### What this task involves
Give back exactly the lines from the "71156 Everyday Heroes." line to the final line of the records, and only those, minus any pictures.

### Record excerpts
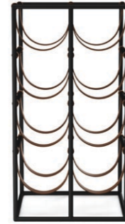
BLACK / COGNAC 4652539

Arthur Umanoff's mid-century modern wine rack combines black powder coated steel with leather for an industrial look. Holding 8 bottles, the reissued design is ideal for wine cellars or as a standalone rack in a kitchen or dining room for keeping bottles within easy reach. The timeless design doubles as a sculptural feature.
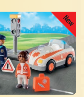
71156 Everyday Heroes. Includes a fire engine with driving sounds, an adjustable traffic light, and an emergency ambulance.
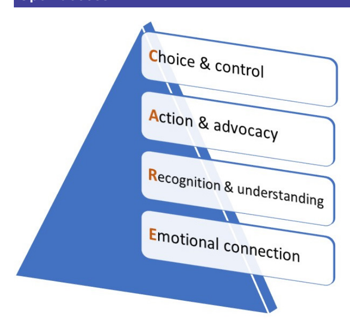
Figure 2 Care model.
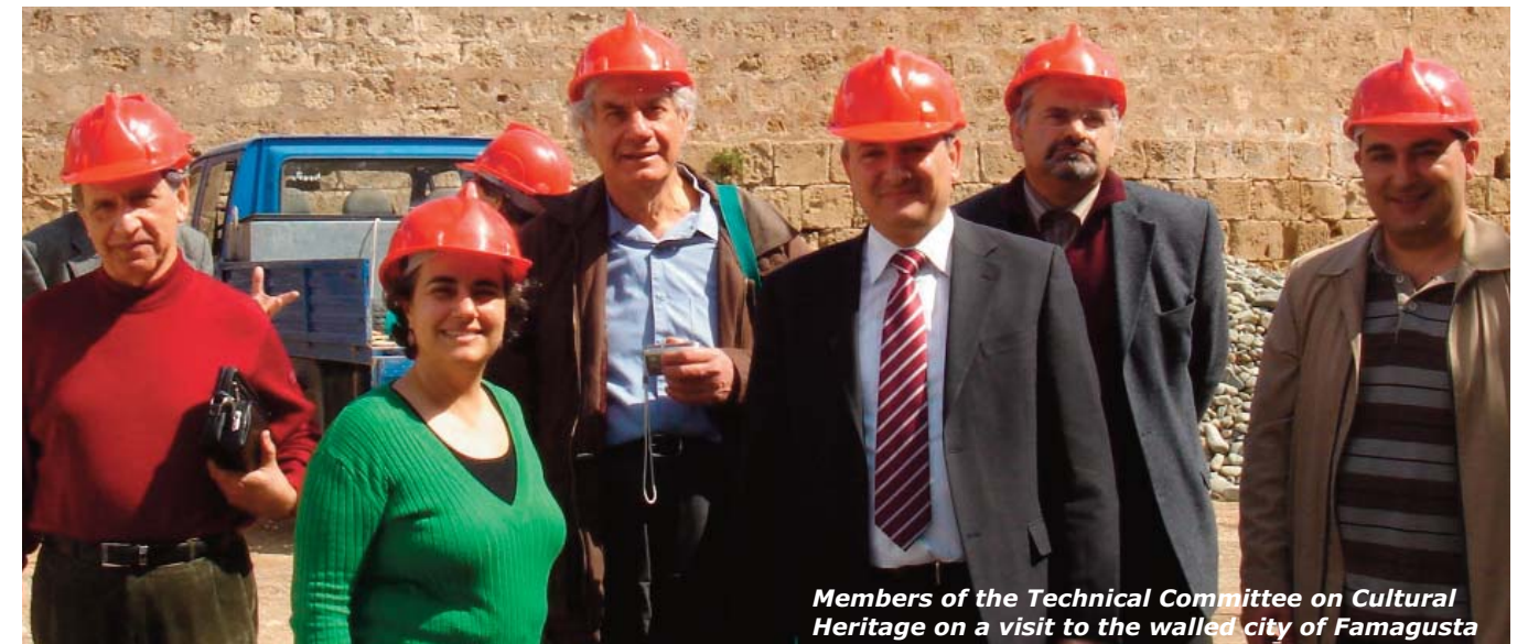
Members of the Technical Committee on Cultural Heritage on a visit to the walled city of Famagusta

### Task answer
71156 Everyday Heroes. Includes a fire engine with driving sounds, an adjustable traffic light, and an emergency ambulance.
Figure 2 Care model.
Members of the Technical Committee on Cultural Heritage on a visit to the walled city of Famagusta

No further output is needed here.